What you need to do: Reproduce exactly, with no pictures, each line from the opening of the material down through the line containing "Weatherproof mobile case.".
━━━ Dataset extract
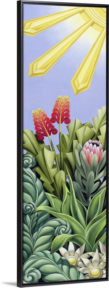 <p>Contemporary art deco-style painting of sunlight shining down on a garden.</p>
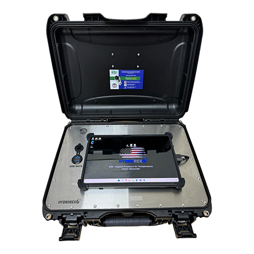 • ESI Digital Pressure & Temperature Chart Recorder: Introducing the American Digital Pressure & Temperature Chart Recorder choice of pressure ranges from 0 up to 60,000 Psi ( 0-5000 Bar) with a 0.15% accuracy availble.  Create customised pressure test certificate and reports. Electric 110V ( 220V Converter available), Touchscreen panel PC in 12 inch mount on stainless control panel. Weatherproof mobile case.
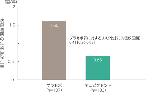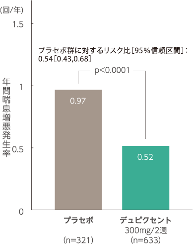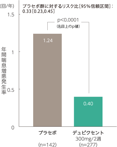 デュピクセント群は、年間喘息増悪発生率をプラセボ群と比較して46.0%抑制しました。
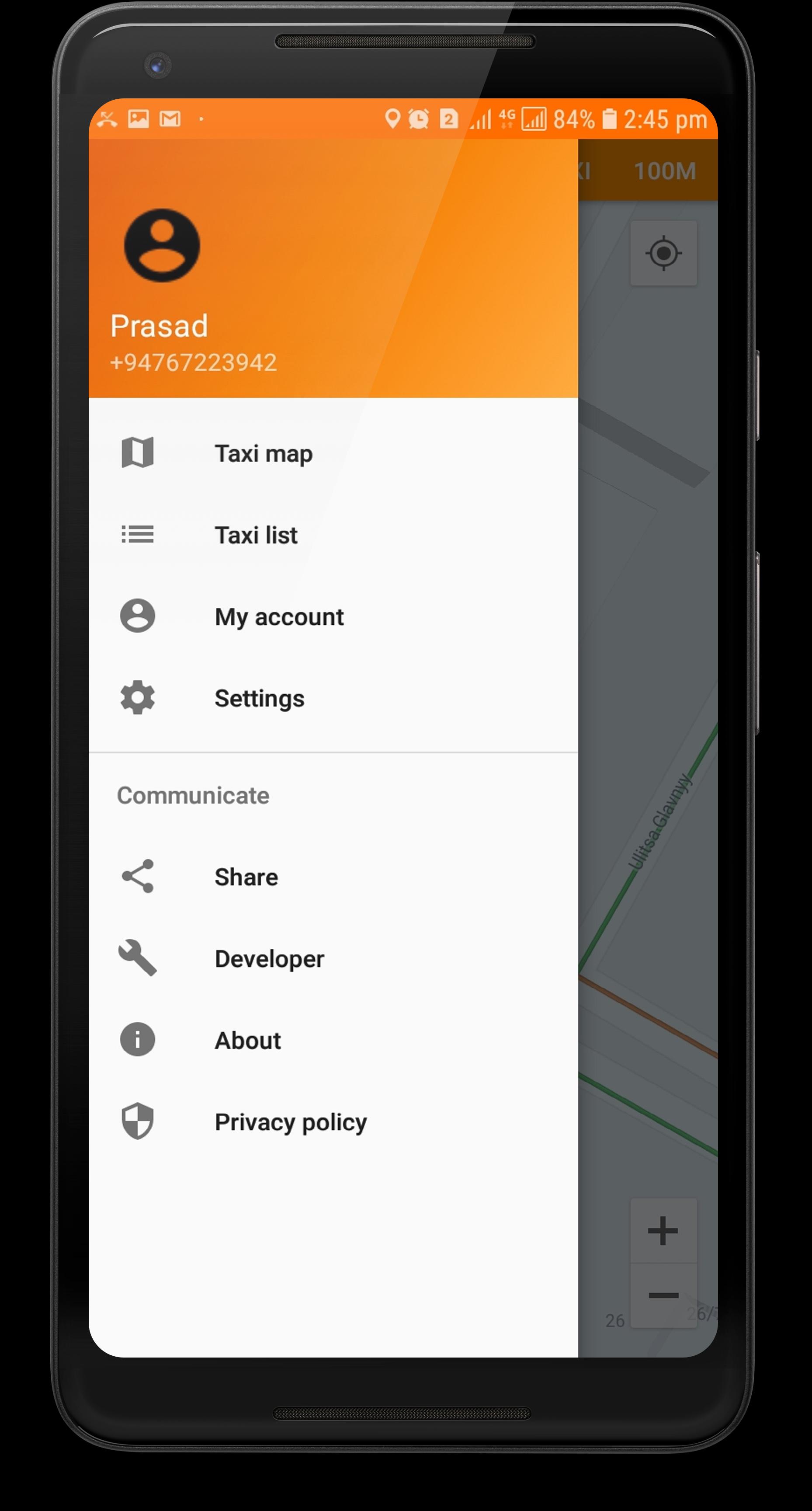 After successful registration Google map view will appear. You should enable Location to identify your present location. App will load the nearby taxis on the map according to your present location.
━━━━━━
Output for this exercise:
 <p>Contemporary art deco-style painting of sunlight shining down on a garden.</p>
 • ESI Digital Pressure & Temperature Chart Recorder: Introducing the American Digital Pressure & Temperature Chart Recorder choice of pressure ranges from 0 up to 60,000 Psi ( 0-5000 Bar) with a 0.15% accuracy availble.  Create customised pressure test certificate and reports. Electric 110V ( 220V Converter available), Touchscreen panel PC in 12 inch mount on stainless control panel. Weatherproof mobile case.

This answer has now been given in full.